Source records:
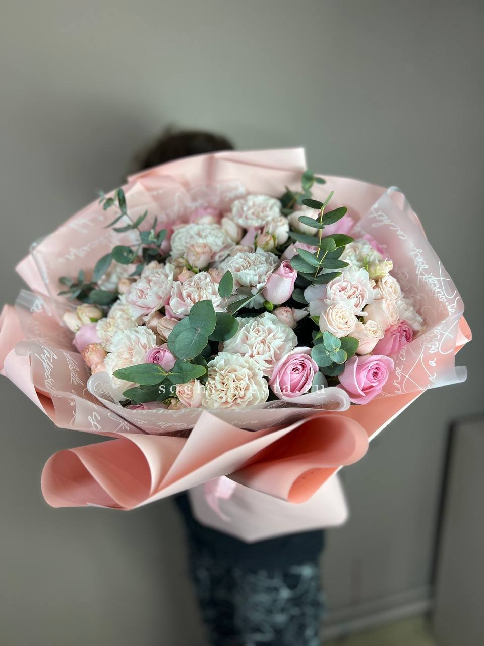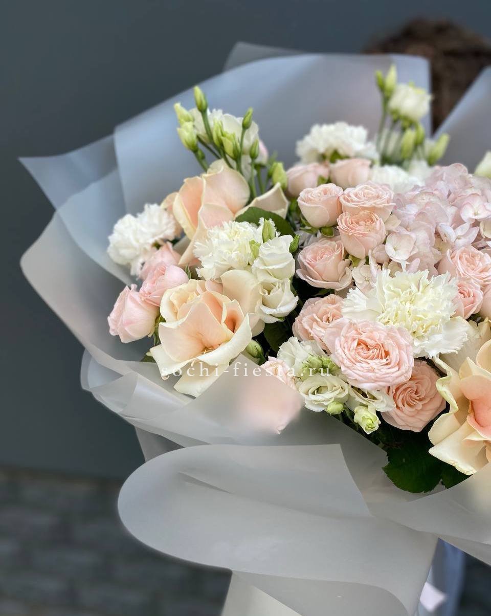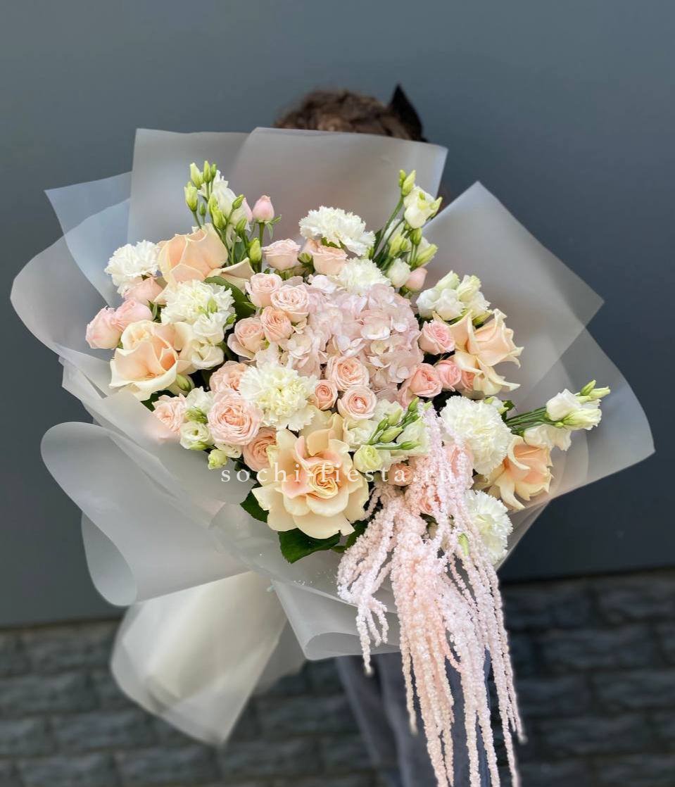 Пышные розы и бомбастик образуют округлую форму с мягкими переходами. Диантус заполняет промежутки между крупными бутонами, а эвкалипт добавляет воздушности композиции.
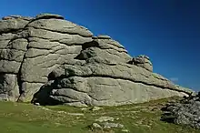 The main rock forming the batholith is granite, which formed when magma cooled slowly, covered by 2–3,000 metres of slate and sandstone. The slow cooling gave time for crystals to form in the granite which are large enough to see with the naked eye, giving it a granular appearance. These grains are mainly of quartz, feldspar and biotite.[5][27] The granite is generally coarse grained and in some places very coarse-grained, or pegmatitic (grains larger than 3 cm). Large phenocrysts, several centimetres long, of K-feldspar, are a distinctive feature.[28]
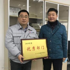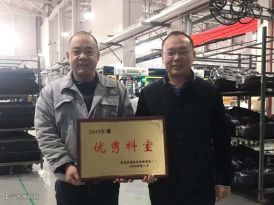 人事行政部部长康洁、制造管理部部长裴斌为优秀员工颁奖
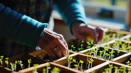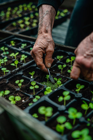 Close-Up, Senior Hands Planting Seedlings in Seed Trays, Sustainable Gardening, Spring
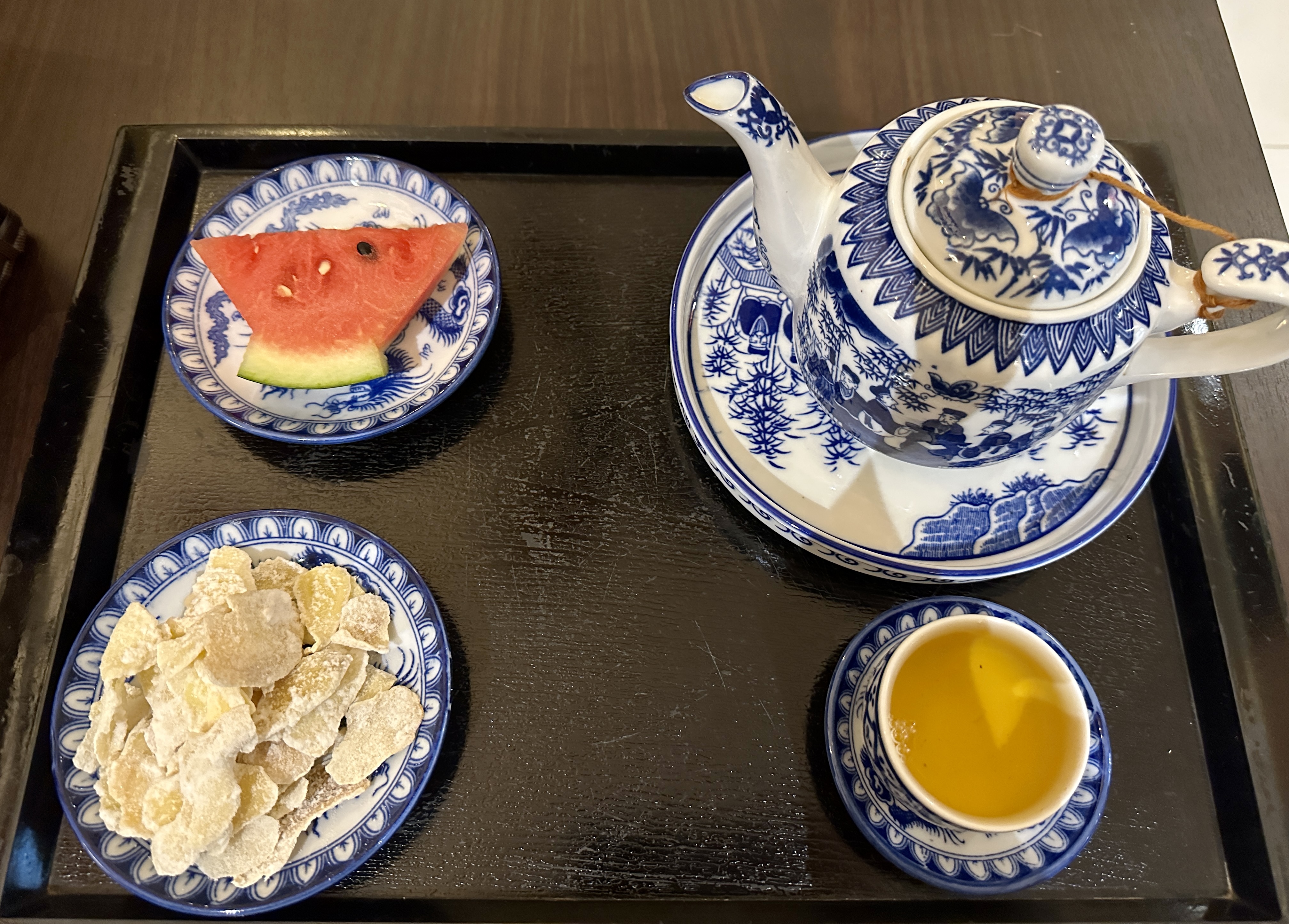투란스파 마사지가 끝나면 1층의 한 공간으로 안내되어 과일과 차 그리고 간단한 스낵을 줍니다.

§ **Your objective**: All entries above must be printed again verbatim, with images excluded.

§ **Task result**:
 Пышные розы и бомбастик образуют округлую форму с мягкими переходами. Диантус заполняет промежутки между крупными бутонами, а эвкалипт добавляет воздушности композиции.
 The main rock forming the batholith is granite, which formed when magma cooled slowly, covered by 2–3,000 metres of slate and sandstone. The slow cooling gave time for crystals to form in the granite which are large enough to see with the naked eye, giving it a granular appearance. These grains are mainly of quartz, feldspar and biotite.[5][27] The granite is generally coarse grained and in some places very coarse-grained, or pegmatitic (grains larger than 3 cm). Large phenocrysts, several centimetres long, of K-feldspar, are a distinctive feature.[28]
 人事行政部部长康洁、制造管理部部长裴斌为优秀员工颁奖
 Close-Up, Senior Hands Planting Seedlings in Seed Trays, Sustainable Gardening, Spring
투란스파 마사지가 끝나면 1층의 한 공간으로 안내되어 과일과 차 그리고 간단한 스낵을 줍니다.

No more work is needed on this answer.